Perfect competition can be used as a yardstick to compare with other market structures because it displays high levels of economic efficiency
In both the short and long run we find that price is equal to marginal cost (P=MC) and thus allocative efficiency is achieved. At the ruling price, consumer and producer surplus are maximised. No one can be made better off without making some other agent at least as worse off – i.e. we achieve a Pareto optimum allocation of resources.
Productive efficiency occurs when the equilibrium output is supplied at minimum average cost. This is attained in the long run for a competitive market. Firms with high unit costs may not be able to justify remaining in the industry as the market price is driven down by the forces of competition.

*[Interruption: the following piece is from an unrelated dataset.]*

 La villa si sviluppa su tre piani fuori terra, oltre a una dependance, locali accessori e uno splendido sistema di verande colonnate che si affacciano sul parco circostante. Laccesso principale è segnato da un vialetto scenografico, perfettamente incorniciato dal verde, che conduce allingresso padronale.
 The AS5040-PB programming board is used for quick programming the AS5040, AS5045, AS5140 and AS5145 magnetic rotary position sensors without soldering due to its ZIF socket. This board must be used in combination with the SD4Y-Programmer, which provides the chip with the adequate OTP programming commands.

We assume that a perfectly competitive market produces homogeneous products – in other words, there is little scope for innovation designed purely to make products differentiated from each other and allow a supplier to develop and then exploit a competitive advantage in the market to establish some monopoly power.

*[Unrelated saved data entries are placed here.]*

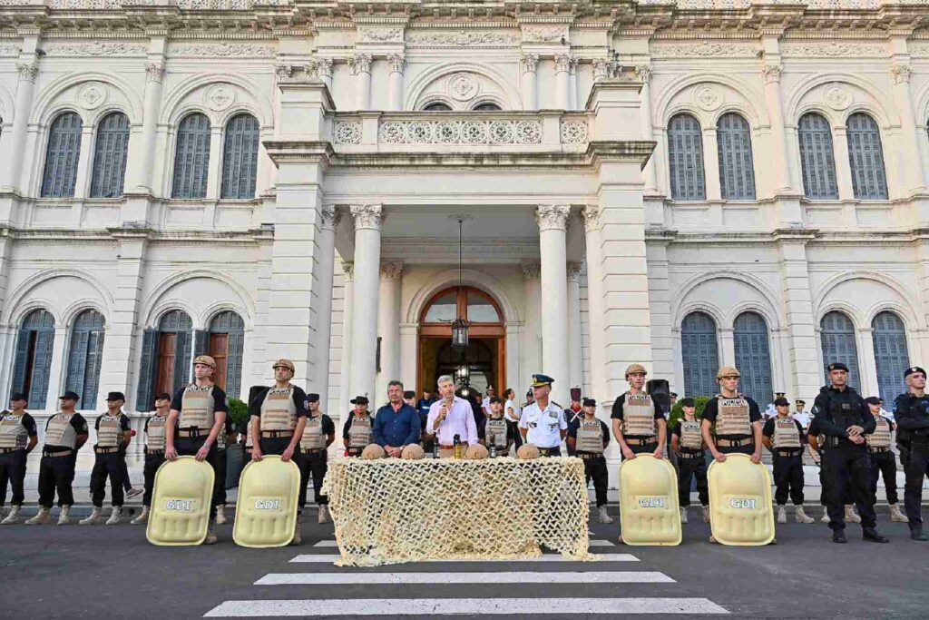 Al enumerar los nuevos instrumentos adquiridos, de los que dijo son «herramientas para proteger a la sociedad de la delincuencia», el gobernador agregó: «Recién comparábamos lo que es el viejo armamento de los grupos especiales con estas nuevas armas que ha adquirido la Policía y, claramente, hay un abismo de diferencia».
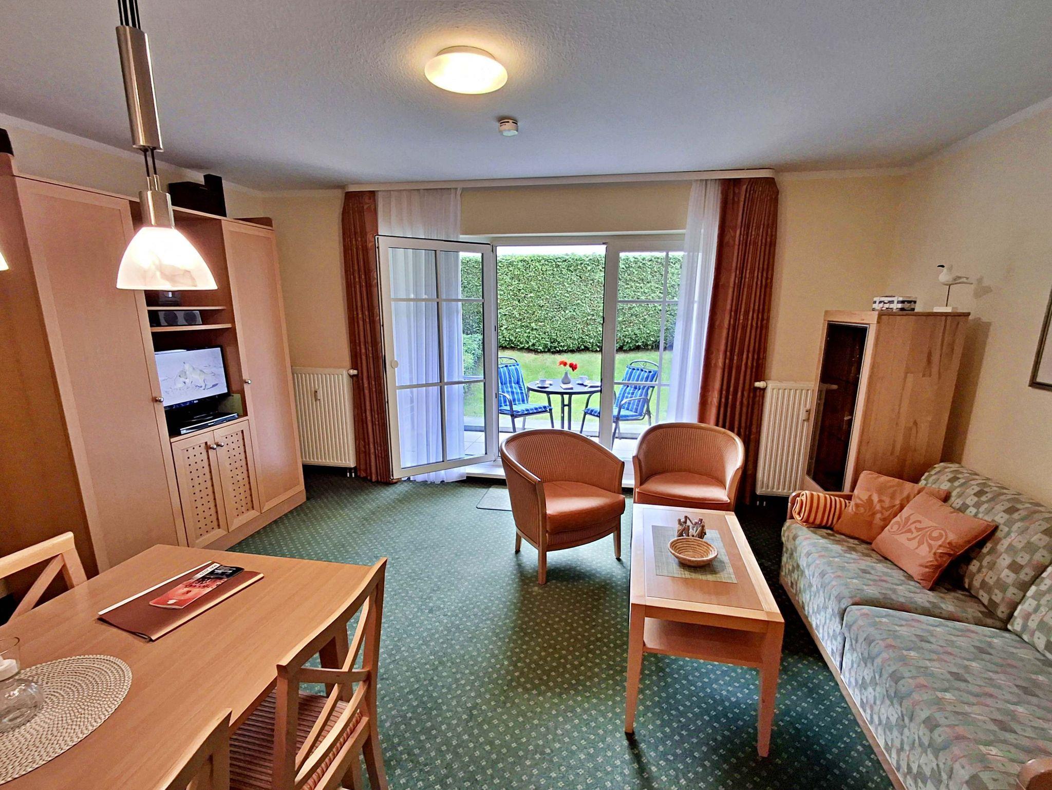 Die komfortabel ausgestattete Wohnung für bis zu 4 Personen (61 qm) erstreckt sich über zwei Etagen (EG und 1.OG). Dies trennt in angenehmer Weise Wohn- und Schlafbereich. Die Wohnung mit Südausrichtung verfügt im Erdgeschoss über ein Wohnzimmer mit Couch, welche auch zum Schlafen geeignet ist, eine Essecke mit 4 Stühlen sowie bequeme Sessel. Für die Unterhaltung sorgt ein Flachbild-TV und HiFi-Anlage. Die Die vollständig ausgestattete Küche mit Ceranherd mit Backofen, Geschirrspülmaschine, Mikrowelle, Kühlschrank mit Gefrierfach, Kaffeemaschine, Wasserkocher und Toaster lässt keine Wünsche offen. Vom Wohnzimmer besteht Zugang zur überdachten Terrasse (Loggia zum Innenhof). Über eine Wendeltreppe gelangen Sie in das 1. OG, wo sich auch das Schlafzimmer mit Doppelbett (2,20 m lang mit offenem Fußende) und zusätzlichem 55 LCD-TV, ein Abstellraum sowie das 2024 vollständig erneuerte Bad mit DU/WC und Kosmetikspiegel. Eine gemütliche Sitzmöglichkeit mit zwei Sesseln und kleinem Tisch komplettiert die Ausstattung der Wohnung. Zusätzlich ist im 1. OG ein zweiter Eingang eingebaut worden, um leichter aus dem großen Glastreppenhaus ins Obergeschoss zu gelangen. Das Internet (W-LAN) ist kostenfrei nutzbar. Ein Kinderbett mit Wäsche (im Elternschlafzimmer) sowie ein Hochstuhl können auf Anfrage gegen eine Gebühr von einmalig 50 € vom Verwalter zur Verfügung gestellt werden.
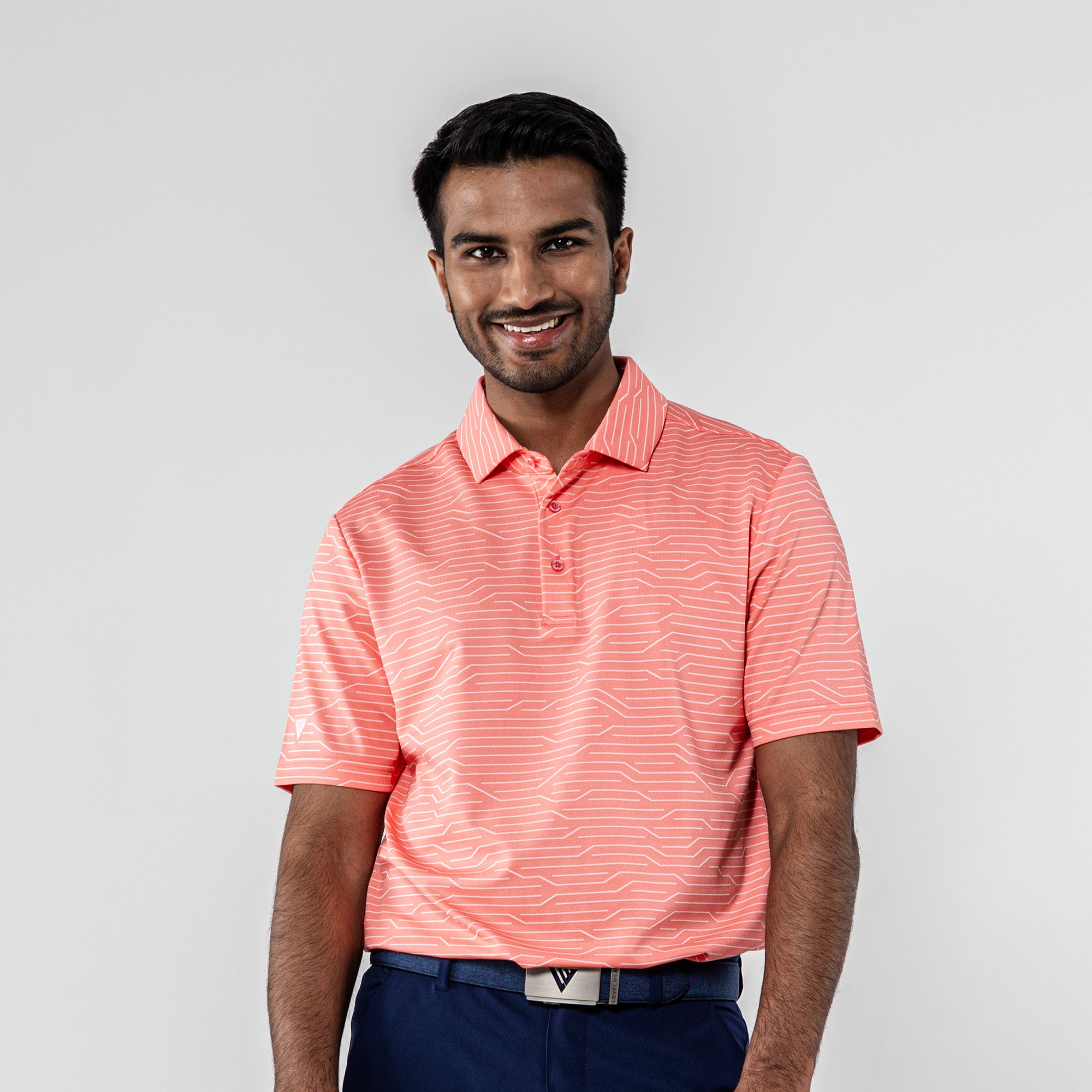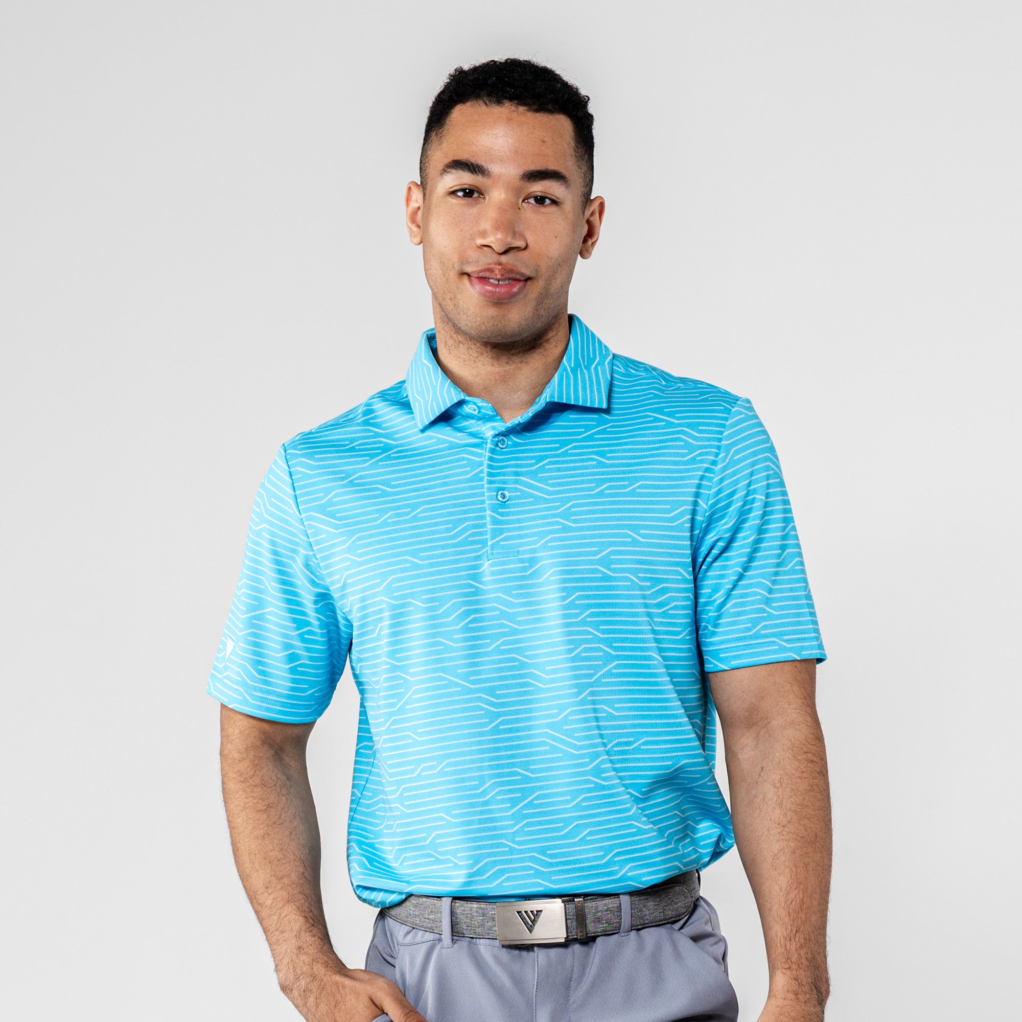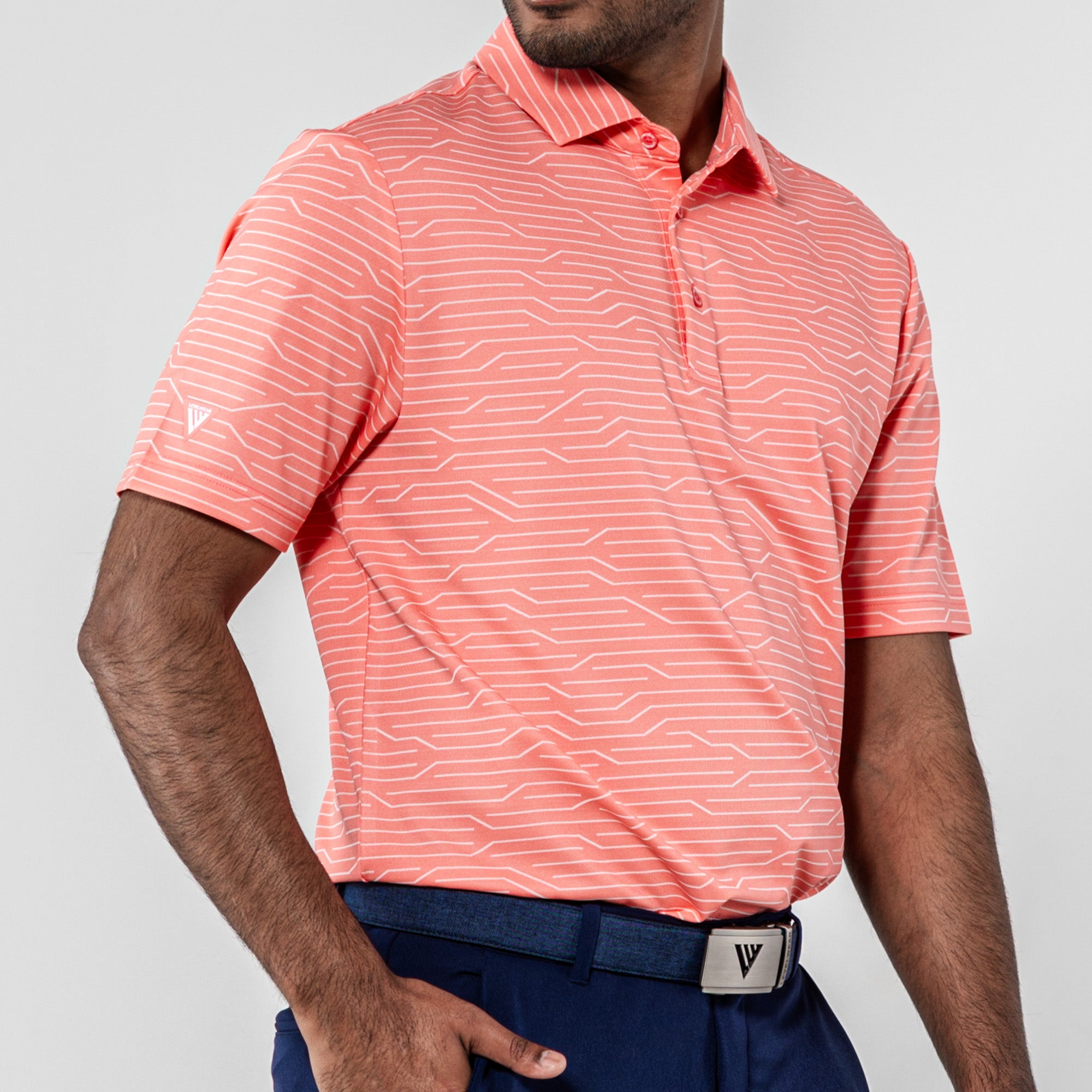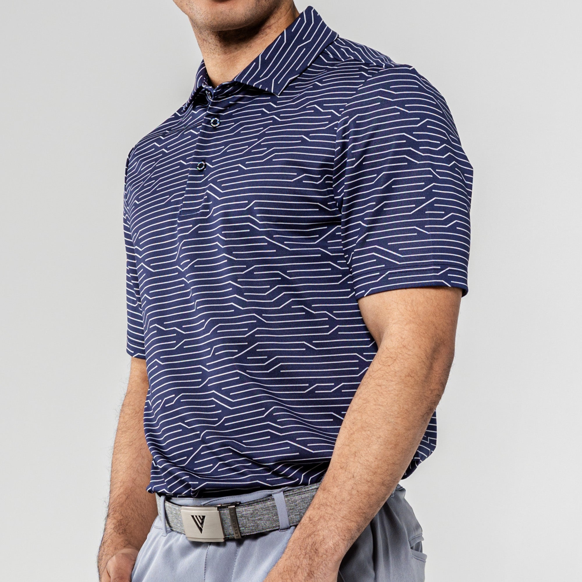The Wired Polo is a modern twist on classic style. Crafted from a premium blend of 92% polyester and 8% spandex, this polo features a striking geometric jacquard knit for a contemporary edge. The self-fabric collar, complete with a built-in collar stay, adds a touch of sophistication to your look. Elevate your wardrobe with the Wired Polo, where comfort seamlessly meets refined design for a versatile and polished appearance.

Is perfect competition good for economic efficiency?
Some economists claim that perfect competition is not a good market structure for high levels of research and development spending and the resulting product and process innovations.
Indeed it may be the case that monopolistic or oligopolistic markets are more effective long term in creating the environment for research and innovation to flourish. A cost-reducing innovation from one producer will, under the assumption of perfect information, be immediately and without cost transferred to all of the other suppliers.

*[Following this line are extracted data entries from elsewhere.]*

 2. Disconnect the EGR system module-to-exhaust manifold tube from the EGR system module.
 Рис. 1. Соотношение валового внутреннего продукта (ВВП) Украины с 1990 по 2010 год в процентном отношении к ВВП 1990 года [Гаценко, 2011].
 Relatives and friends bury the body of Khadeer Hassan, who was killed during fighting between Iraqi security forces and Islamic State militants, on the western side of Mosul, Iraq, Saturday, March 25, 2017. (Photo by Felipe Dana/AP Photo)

That said a contestable market provides the discipline on firms to keep their costs under control, to seek to minimise wastage of scarce resources and to refrain from exploiting the consumer by setting high prices and enjoying high profit margins. In this sense, competition can stimulate improvements in both static and dynamic efficiency over time.
The long run of perfect competition, therefore, exhibits optimal levels of economic efficiency. But for this to be achieved all of the conditions of perfect competition must hold – including in related markets.